By Onofre Costa
It was two men in the news in recent weeks that captured people's attention on the first day of the I Sports and Entertainment International Congress in Portugal's second city, Porto.
Despite the interest in speeches from a number of sports experts - including representatives from European clubs, corporations, marketing companies, UEFA and UEFA EURO 2004™ - the addresses by Carlos Queiroz and Jorge Valdano, coach and sporting director of Real Madrid CF respectively, proved particular highlights in the congress in Porto's former customs building.
Queiroz, who moved to Madrid from his assistant's position at Manchester United FC last week, spoke on the difficulties in coping with the particular pressures of top-level football. "At the beginning of our careers everything looks easy," he said. "It seems that all we have to do is coach and hope to win trophies. But then we realise we have to be experts not only in tactics and football but also in psychology, education, new technologies, public relations, human resources, etc, etc.
People except us to be Supermen."
'Obsessed with victory'
The Portuguese coach also suggested there was more to the game than triumph at all costs. "Our society is obsessed with victory," he said. "All that matters is win, win, win. Sometimes people let go of their ideals and principles in order to achieve victory at any cost and forget what I think are the two most important things in football - the human being and the process we have to go through in order to eventually succeed."
Valdano, on the other hand, called for players to be sheltered from off-the-field pressures such as marketing and public relations. He said: "Football is a very primitive sport regarding rules, the players' mentality and the fans' support. Very few things have changed in these aspects during the last century.
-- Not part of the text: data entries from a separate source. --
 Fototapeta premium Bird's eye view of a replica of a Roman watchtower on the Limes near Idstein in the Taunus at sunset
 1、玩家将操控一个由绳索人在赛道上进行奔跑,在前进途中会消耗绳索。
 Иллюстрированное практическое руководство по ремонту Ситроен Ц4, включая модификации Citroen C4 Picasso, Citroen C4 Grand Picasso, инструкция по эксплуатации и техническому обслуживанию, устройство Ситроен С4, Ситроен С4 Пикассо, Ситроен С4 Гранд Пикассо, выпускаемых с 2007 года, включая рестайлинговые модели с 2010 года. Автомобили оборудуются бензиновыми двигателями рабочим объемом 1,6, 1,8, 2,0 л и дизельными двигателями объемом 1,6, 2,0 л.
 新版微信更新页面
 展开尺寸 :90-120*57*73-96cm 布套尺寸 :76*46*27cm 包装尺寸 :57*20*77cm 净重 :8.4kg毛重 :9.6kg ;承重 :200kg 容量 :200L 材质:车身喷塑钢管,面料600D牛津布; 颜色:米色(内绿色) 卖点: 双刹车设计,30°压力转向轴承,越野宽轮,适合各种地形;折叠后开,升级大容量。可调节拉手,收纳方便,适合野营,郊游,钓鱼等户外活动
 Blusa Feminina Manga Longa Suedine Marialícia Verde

On the other hand, football is one of the most modern sports if we think of the development of the activities around football.
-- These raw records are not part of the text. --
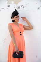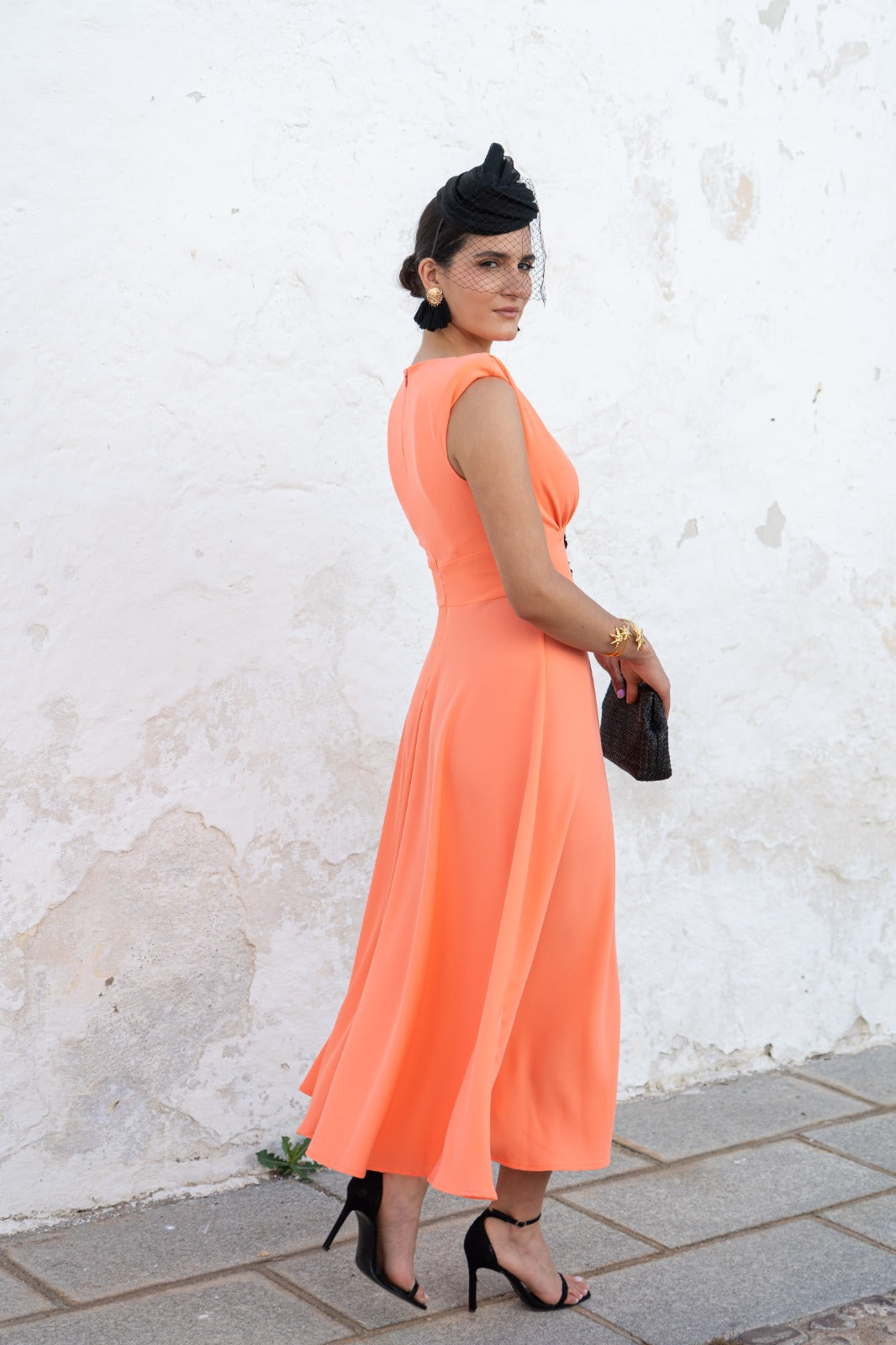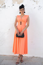 Vestido midi, escote a pico, sin mangas, hombrera alta, corte en cintura con detalla botones, vuelo abajo. En color naranja.
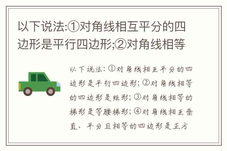 ② 对角线相等的四边形是矩形 —— 错误,反例:等腰梯形对角线相等,但不是矩形。
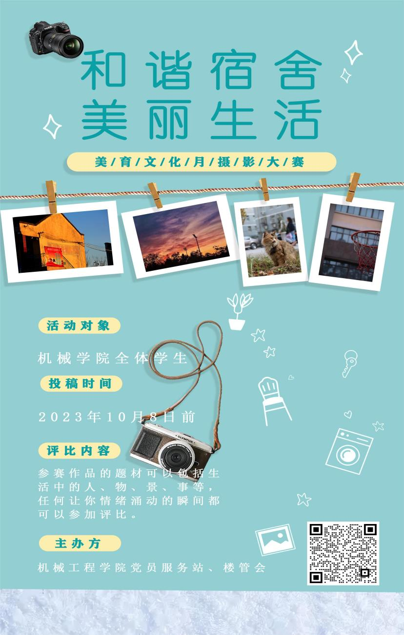 为构造和谐校园,缤纷宿舍氛围,展现青春活力以及增强大学生组织创作能力和大学生艺术与审美的交流、关注生活,激发大学生对摄影的兴趣和爱好,提升学生的审美情趣,营造和谐的校园氛围,进一步升华“一站式”学生社区建设的内涵。开云kaiyun官方网站于2023年9月29日至10月8日开展以“和谐宿舍,美丽生活”为主题的摄影活动。此次活动由开云kaiyun官方网站党员服务站和楼管会联合开展。
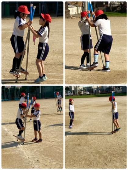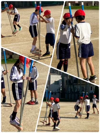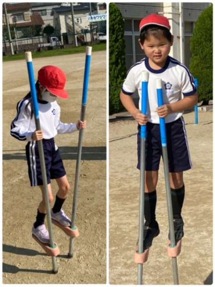 2年生が運動場で、竹馬の練習をしていました。コツは、前へ倒すようにすればいいと、教え合い助け合いながら練習していました。
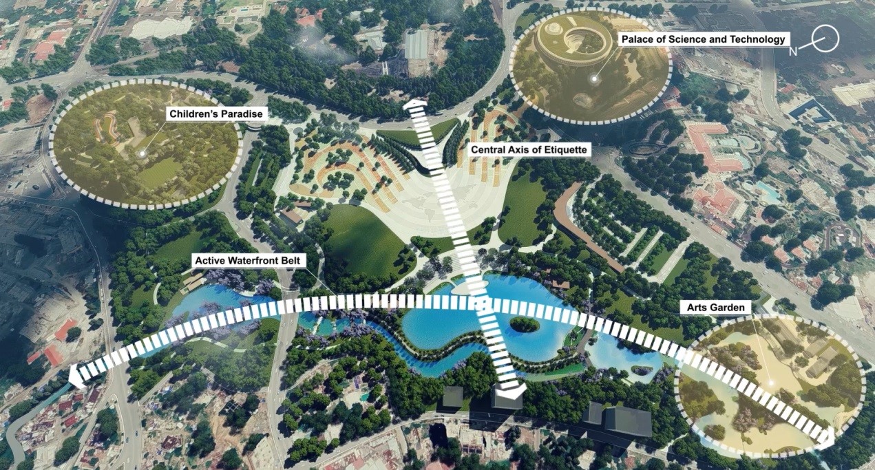 文化禮儀軸是中央廣場東西向主軸線,包含四個節點,結合現狀地形由高向低依次為演講臺(Rostrum)、中心廣場(Central Rally Plaza)、湖畔噴泉音樂廣場(Lakeside Fountain Music Square)、人工湖。這里將成為體現國家精神象征,具有向心力的政治文化活動場所。
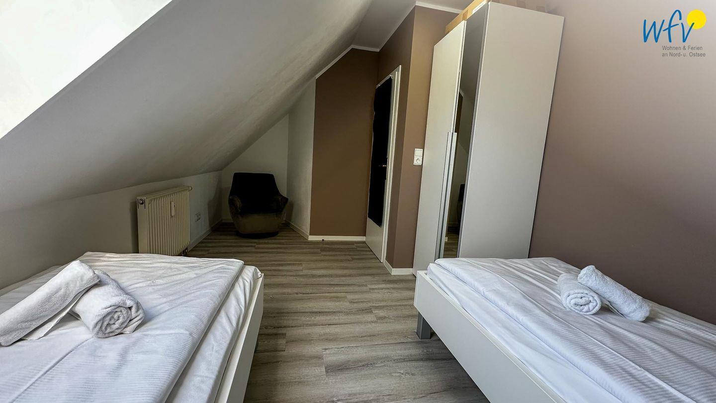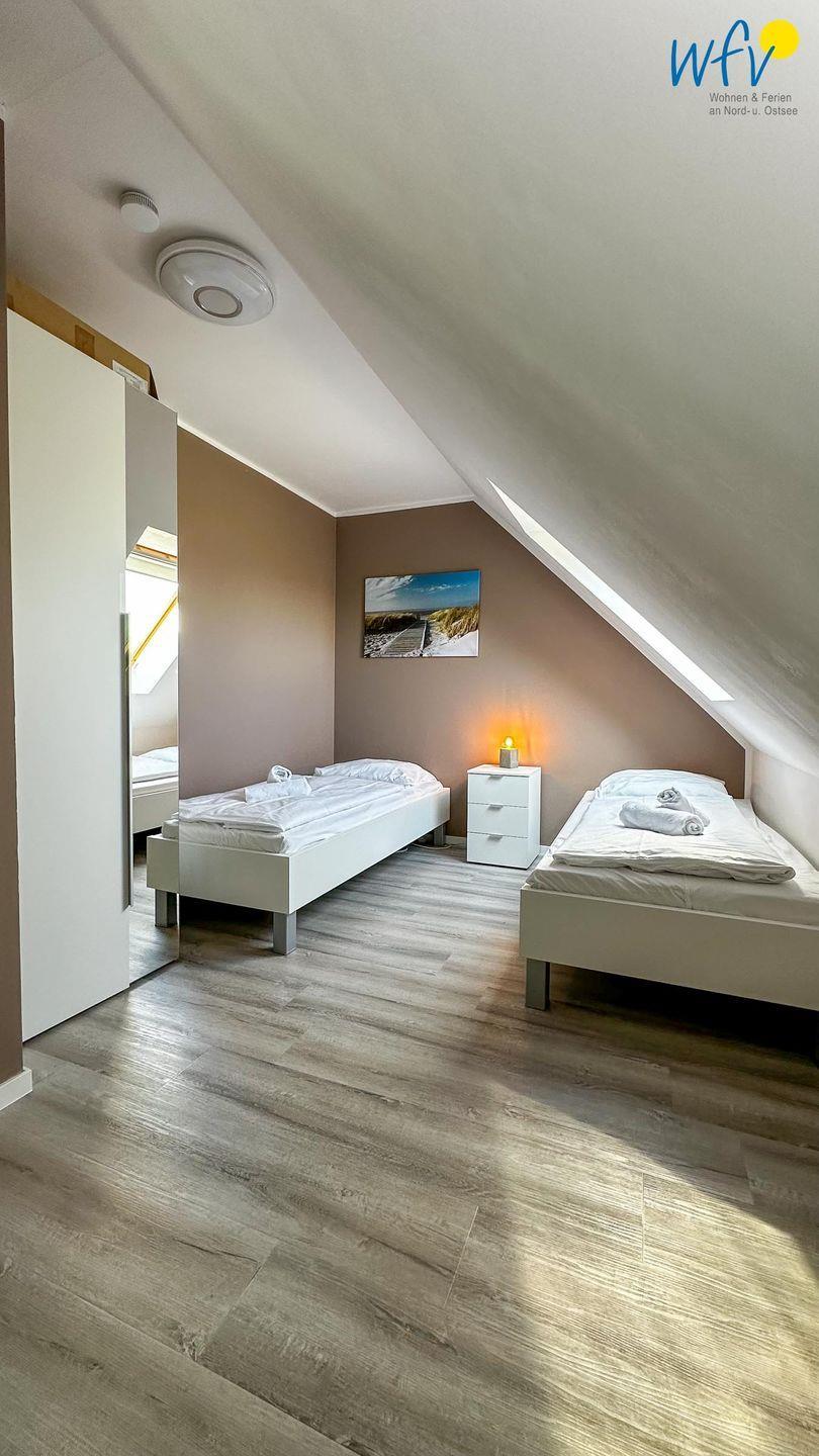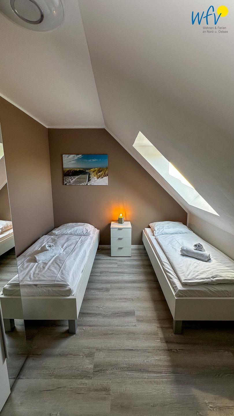 Wenn auf Rügen die Sonne untergeht, können Sie sich auf der zweiten Etage in die zwei separaten Schlafzimmer zurückziehen. Eines der Zimmer ist mit einem Doppelbett ausgestattet, das andere mit zwei Einzelbetten (je 90 x 200 cm). Zwei weitere Personen finden auf dem Sofa im Wohnraum Platz, das sich schnell und einfach zu einer komfortablen Schlafcouch umwandeln lässt.

I think we have to make sure the pressure from these subsidiary fields does not interfere with the quality of the match. Because that is the most important thing."
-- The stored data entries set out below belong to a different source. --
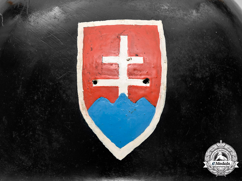 A very well-preserved Slovak Fire Brigade personnel steel helmet, constructed of a black-painted magnetic metal shell. A raised, polished magnetic metal comb is secured lengthwise to the crown with dual rivets. Three magnetic metal rivets are located along each side of the helmet, securing in place the interior features. Painted onto the peak is a fully-intact Slovakian coat of arms, measuring 45 mm (w) x 74 mm (h). The rim of the helmet is fully crimped, providing a smooth edge. A tan-coloured leather band fully encompasses the circumference of the interior, secured in place with the aforementioned rivets. Three suede and canvas fingers emanate from the band, each perforated at the top with two holes reinforced with magnetic metal grommets. A period original drawstring is securely looped through the fingers. An additional two-piece brown leather chinstrap is affixed directly to the sides of the shell with magnetic metal loops, and is adjusted with a functional magnetic metal buckle. The helmet is fully unmarked and measures 240 mm (w) x 270 mm (l) 150 mm (h). Issues consistent with age and use are evident, and include some oxidation of the metal features, as well as material fatigue of the leather and suede interior fixtures. The helmet is in an overall better than very fine condition.
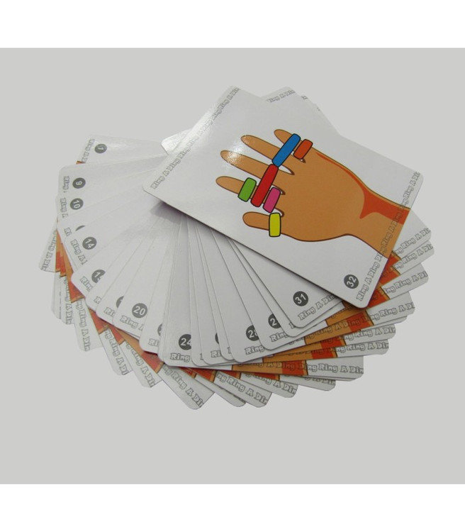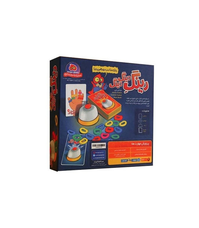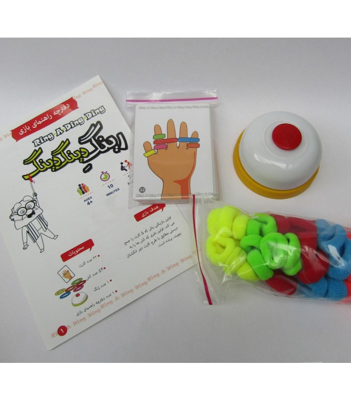 درباره بازی: بازی فکری و هیجانی رینگ دینگ دینگ یک چالش هیجان انگیز برای هماهنگی ، دقت و سرعت عمل است. این بازی مناسب مهمانی ها و جمع های خانوادگی و دوستان است. بازیکنان کارت ها را برمی دارند و به سرعت کش های رنگی را از روی زمین می قاپند تا طرح کارت را با کش های رنگی روی انگشتان دست خود درست کنند. اولین نفری که چیدمان کش ها را به دور انگشتانش تمام کند زنگ بازی را به صدا در آورده و بازی را در آن دور برنده می شود.
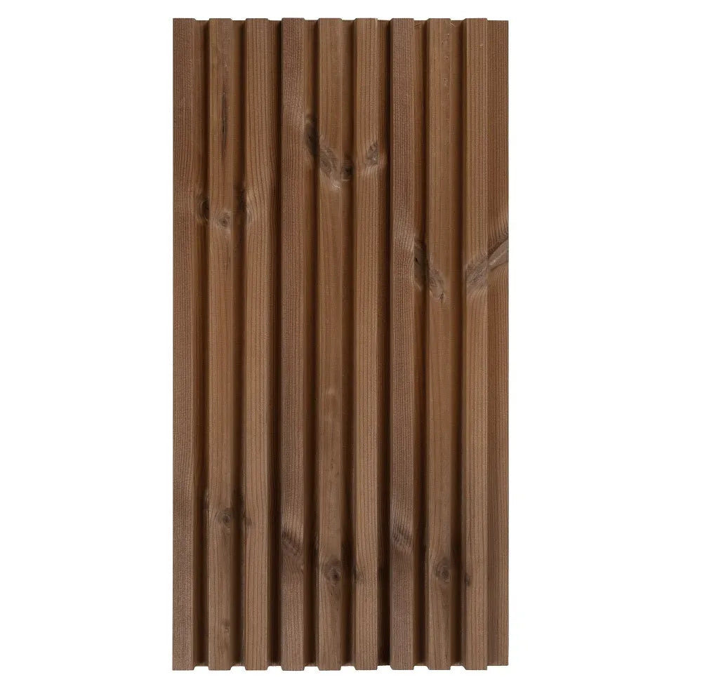 sofistikovaný drevený obklad s 3D efektom na pokrytie fasád, stien a stropov v exteriéri, saune aj v interiéri. Drevené obklady z materiálu ThermoWood® sú vysoko odolné a schopné 30 ročnej životnosti bez potreby napúšťania chemickými prípravkami, pretože tepelná úprava zvyšuje odolnosť dreva pred drevokazným hmyzom, plesňou a hubami. Obklady z dreva ThermoWood® sa môžu používať aj bez povrchovej úpravy, kedy získajú prírodnú striebornú patinu povrchu.
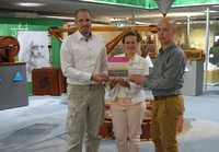 Bildunterschrift: Arne Meindl (links) und Jan Rütten (rechts) übernehmen von Andrea Niehaus, Leiterin des deutschen Museums Bonn (Mitte) den Aufsteller des Fördervereins WISSENschaf(f)t SPASS
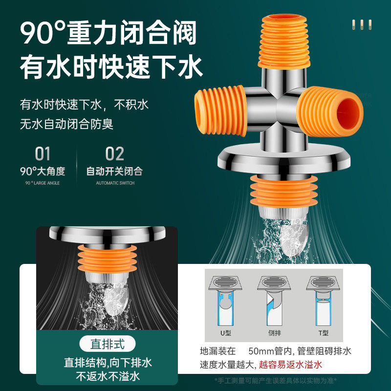 洗衣机下水止逆阀防反水下水管三头通地漏二合一排水管防溢水接头
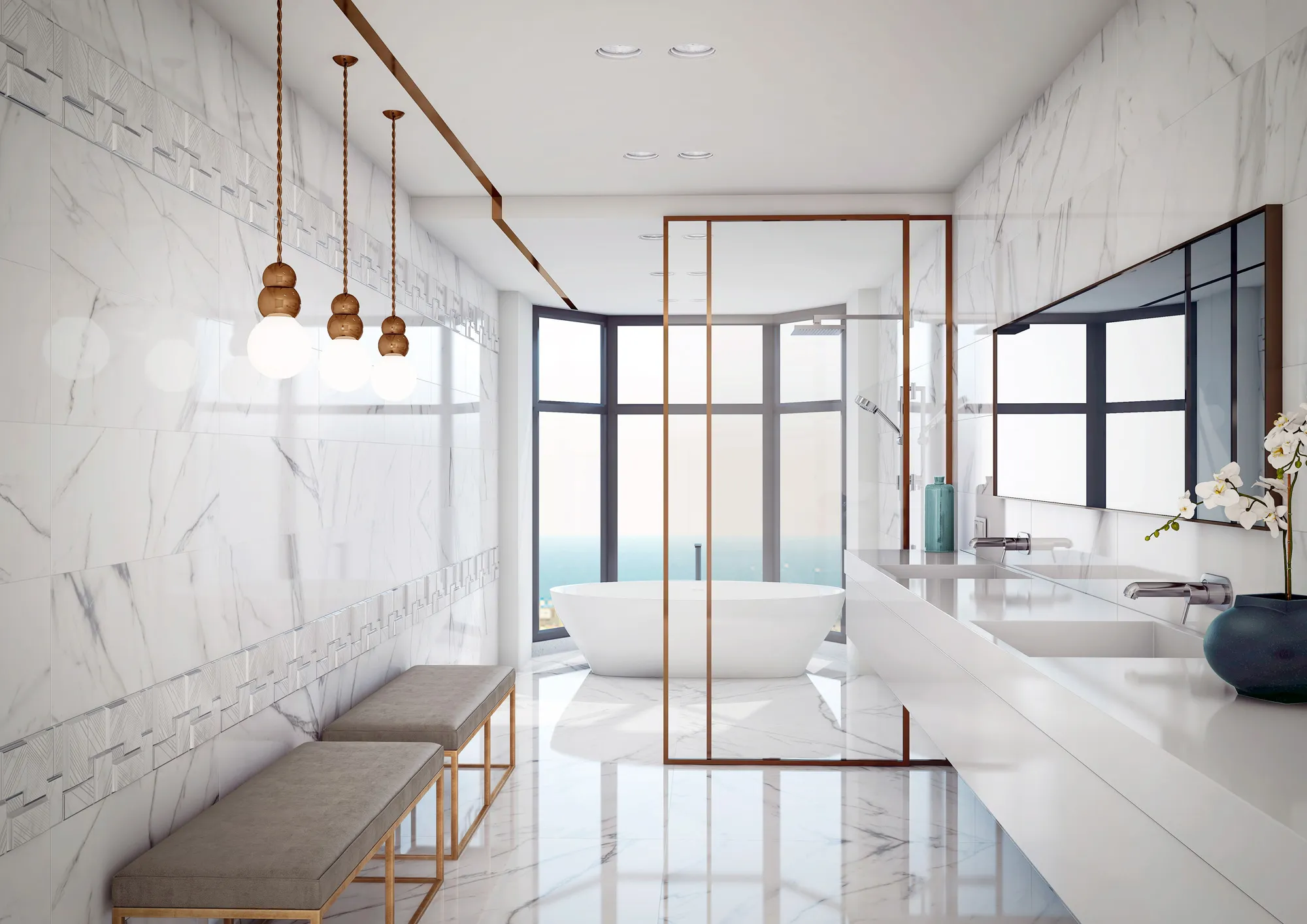 Испанская, глянцевая плитка VARENNA CARRARA Rect. 30*90 прямоугольной формы,

Madrid's sporting director outlined three things any team needed to succeed - a strong club culture to guide new players and coaches, high morale and continued ambition. Of the first factor, he said: "I was 28 when I arrived in Madrid and won my first trophy. I was filled with joy. And then, in the dressing room, [José Antonio] Camacho who was captain at the time proposed a toast to the next year's victory. I asked, 'Shouldn't we be celebrating this win?' His answer was illuminating. 'You do not know Real Madrid'."
Team spirit, meanwhile, should prevent fear creeping in. "Mistakes are natural when you take chances," he said. "It is better to make a mistake than not to risk a bit. And as for motivation, the coach is crucial, knowing what role to hand each player."
Queiroz, though, admitted that his task was not easy. "When I wake up every morning and read the newspaper and turn on the TV,
I wonder how can I coach top teams when everyone thinks they know better than me," he said. "Every coach has to deal with this and I think the best way is to be firm without being a dictator, be tolerant without being permissive."
Both Queiroz and Valdano know that football is no longer only about scoring goals, but in the end everything still spins around that magic moment when the ball hits the net.